I have a new investigative story up at The Prospect, profiling the pioneering work of the evangelical organization GRACE:
…The idea that Bob Jones would reach outside itself for help was stunning—especially considering to whom it was reaching out. GRACE was founded by a member of evangelical royalty: Boz Tchividjian (“rhymes with religion,” he likes to say), a former prosecutor who teaches law at Liberty University in Lynchburg, Virginia, Jerry Falwell’s legacy school, and who is the grandson of “America’s pastor,” Billy Graham. Before he came to fame, Graham was a Bob Jones University dropout who Bob Jones Sr. said would never amount to more than a “poor country Baptist preacher somewhere out in the sticks.” Though the two later became friends, they split again in 1957 over Graham’s revival crusades—in particular, a crusade at Madison Square Garden that Jones, who’d warned Graham to avoid cities and politicians, condemned as too ecumenical and accommodating to modern society. The quarrel between the two men led to a rift between fundamentalists and evangelicals that persists today, as evangelicals seek to win souls by engaging mainstream culture and fundamentalists retreat from it. When Jones’s great-grandson Stephen Jones, now president of the university, appealed to Graham’s heir, it seemed like a transformative moment. Perhaps the fortress was raising its gates at last.

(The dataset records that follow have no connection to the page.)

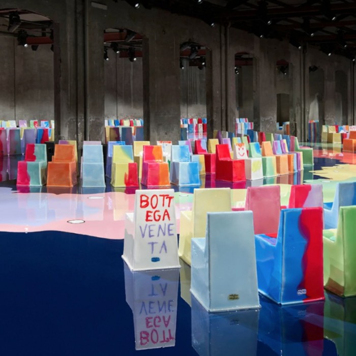 The Come Stai? chair exhibition is a creative collaboration between Bottega Veneta and designer Gaetano Pesce. Commissioned for the brand’s Summer 23 fashion show, the chairs are alike in material but unique in colour and form, celebrating variation and diversity.
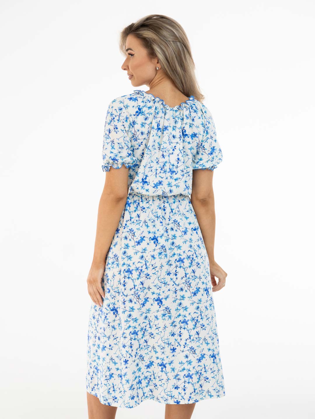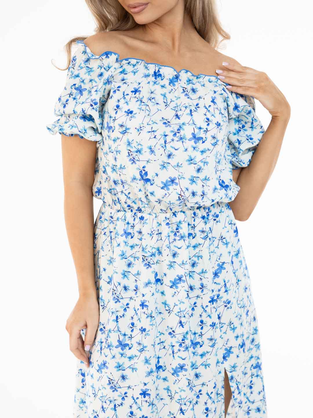 Платье женское с резинкой по горловине и талии, рукав фонарик, юбка с высоким разрезом по ноге, длиной миди. Женское платье из штапеля незаменимо в летнее, весеннее и осеннее время года. Такая модель смотрится прекрасно на любой фигуре, скрывает недостатки и подчеркивая талию. Платье легко комбинируется с любой другой одеждой: косухой, джинсовкой, тренчем.
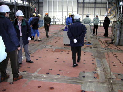 E-defense technical committee members climb on the welded shaking table to visit the fabrication process
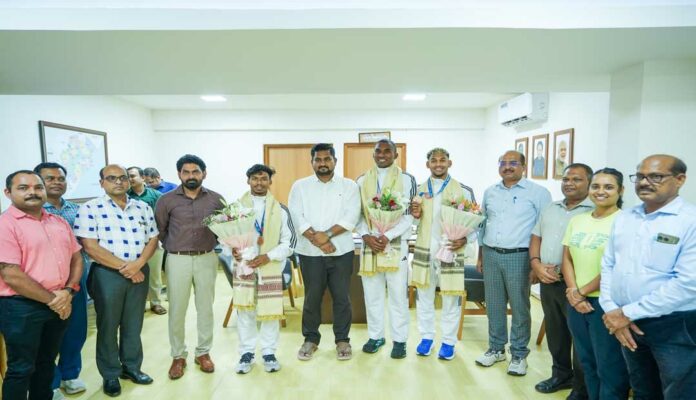 ଭୁବନେଶ୍ୱର: ଜର୍ମାନୀରେ ଅନୁଷ୍ଠିତ ହୋଇଥିବା ୱାର୍ଲଡ଼ ୟୁନିଭରସିଟି ଗେମ୍ସ-୨୦୨୫ରେ କାଂସ୍ଯ ପଦକ ଜିତିଥିବା ପୁରୁଷ ୪x୧୦୦ ରିଲେ ଟିମ୍ର ସଦସ୍ଯ ଥିବା କ୍ରୀଡ଼ାବିତ୍ ଅନିମେଶ କୁଜୁର, ଲାଲୁପ୍ରସାଦ ଭୋଇ ଏବଂ ଡିଏମ୍ ଜୟରାମଙ୍କୁ ଓଡ଼ିଶା କ୍ରୀଡ଼ା ଓ ଯୁବସେବା ବିଭାଗ ତରଫରୁ ସମ୍ବର୍ଦ୍ଧିତ କରାଯାଇଛି। କ୍ରୀଡ଼ାମନ୍ତ୍ରୀ ଶ୍ରୀ ସୂର୍ଯ୍ୟବଂଶୀ ସୂରଜ କ୍ରୀଡ଼ାବିତ୍ମାନଙ୍କୁ ଶୁଭେଚ୍ଛା ଜଣାଇଛନ୍ତି। ଏଥିସହ ୱାର୍ଲଡ଼ ୟୁନିଭରସିଟି ଗେମ୍ସରେ ଓଡ଼ିଶାର କ୍ରୀଡ଼ାବିତ୍ମାନଙ୍କର ଚମତ୍କାର ପ୍ରଦର୍ଶନ ଆଗାମୀ ଭବିଷ୍ୟତର କ୍ରୀଡ଼ାବିତ୍ମାନଙ୍କୁ ପ୍ରୋତ୍ସାହିତ କରିବ ବୋଲି କ୍ରୀଡ଼ାମନ୍ତ୍ରୀ ଶ୍ରୀ ସୂରଜ ମତପ୍ରକାଶ କରିଛନ୍ତି।

It was momentous for Tchividjian and GRACE as well. Tchividjian had become convinced that the Protestant world is teetering on the edge of a sex-abuse scandal similar to the one that had rocked the Catholic Church. He is careful to say that there’s not enough data to compare the prevalence of child sex abuse in Protestant and Catholic institutions, but he’s convinced the problem has reached a crisis point. He’s not alone in that belief. In 2012, Christian radio host Janet Mefferd declared, “This is an epidemic going on in churches. … When are evangelicals going to wake up and say we have a massive problem in our own churches?”
For years, Protestants have assumed they were immune to the abuses perpetrated by celibate Catholic priests. But Tchividjian believes that Protestant churches, groups, and schools have been worse than Catholics in their response. Mission fields, he says, are “magnets” for would-be molesters; ministries and schools do not understand the dynamics of abuse; and “good ol’ boy” networks routinely cover up victims’ stories to protect their reputations. He fears it is only a matter of time before it all blows up in their faces and threatens the survival of powerful Protestant institutions.